Why in the news? The OTOF gene is the primary target for the breakthrough gene therapies recently reported in 2026.

  • Gene Replacement: Because the deafness is caused by a single missing protein, scientists can use a viral vector (like a microscopic delivery truck) to carry a healthy version of the OTOF gene into the ear.
  • Success: Once the new gene is in place, the hair cells start producing Otoferlin, and the “bridge” to the brain is restored, allowing previously deaf children to hear naturally for the first time.

What is OTOF gene?

The OTOF gene is the biological blueprint for a protein called Otoferlin. It plays a critical role in how we hear by acting as the “messenger” between the ear and the brain.

In technical terms, it is located on Chromosome 2 (at position 2p23.1).

How the OTOF Gene Works?

To understand the gene, you have to understand the protein it creates. Otoferlin is found in the inner hair cells of the cochlea (the snail-shaped part of the inner ear).
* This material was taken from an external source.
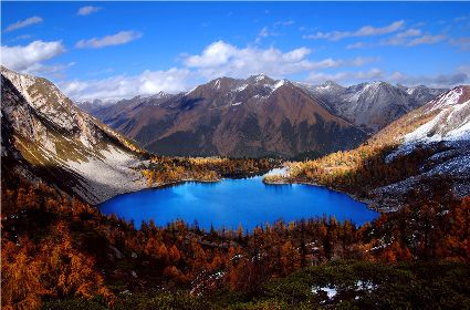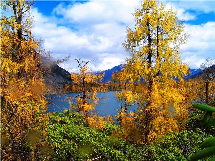 丹巴的秋是有著美麗色彩的季節(jié),你瞧,在峽谷兩岸的山巔,那一簇簇綠樹在一夜之間竟然點(diǎn)綴上了黃的、紅的顏料,就像是一名丹青能手不小心間打翻了調(diào)色盤,讓那些靈動(dòng)的顏料在樹冠上潑灑。黃色的樹葉正印證了“滿樹盡帶黃金甲”的意境,黃得透徹,黃得潔凈。而那些紅色的樹葉,猶如盛開的鮮花,在逐漸蕭條的秋日里顯露出勃勃生機(jī)……那一片片黃紅綠相間的顏色,一寸一寸的往下挪移,讓看慣了春色綠野滿山的人們驚呼大自然的鬼斧神功之作。山腰,蔥綠的樹一棵連著一棵,密密層層,頑強(qiáng)地抵抗著秋風(fēng)的寥落,然而,那黃的紅的顏料終歸于要流向峽谷底,所經(jīng)之處,風(fēng)刺骨,葉瑟縮,大地又將再次被剝蝕掉華麗的外衣,露出山的嶙峋。我想,在山巔,那些樹葉在秋寒的作用下,依依不舍地與樹枝作別,隨風(fēng)抖落,在樹林中上下翻飛,猶如一只只美麗的彩蝶在林中翩翩起舞,當(dāng)落到地面上時(shí),發(fā)出生命即將逝去時(shí)的低低嘆息聲,然而那哀傷卻沒有醞釀太久,幾只小蟲迅速地聚集在葉片底下,為尋找到過冬的庇護(hù)所而興奮不已,那些葉片也感受到了生命存在的意義,為自己即將化為塵土前還能再次發(fā)光發(fā)熱而激動(dòng)。跟隨著秋的步伐,獨(dú)自一人穿行在秋色滿滿的樹林中。眼前,一片片落葉漫空飛舞,伸出雙手,讓那些黃的紅的葉片降落在手心里,一絲淡淡的蘋果香味從小小的葉片中透出,悠悠的在我鼻尖縈繞。那一片片落葉,不正是秋日向大地母親發(fā)出的明信片嗎!春夏兩季,大地母親用自己的乳汁哺育著這些葉片,泛著健康的綠色,渲染了大地,茁壯的成長。那透心的綠,將大地裝扮得格外的妖嬈,充滿了無限的活力。秋日漸近,它們?cè)谇镲L(fēng)的浸透下,剝蝕掉綠色的外衣,消耗掉多汁的綠葉,逐漸的消瘦,最后薄如蟬翼,在秋風(fēng)的吹拂下,在大地母親的召喚下,終于脫離枝條,晃晃蕩蕩的飄向地面。

  1. Sound Reception: When sound waves enter your ear, they vibrate the tiny hair cells.
  2. The Trigger: These vibrations cause calcium to enter the hair cells.
  3. The Messenger (Otoferlin): Otoferlin senses this calcium and immediately triggers the release of chemical messengers (neurotransmitters) across the gap (synapse) to the auditory nerve.
  4. Brain Perception: The nerve carries the signal to the brain, which interprets it as sound.

What happens when the OTOF gene is mutated?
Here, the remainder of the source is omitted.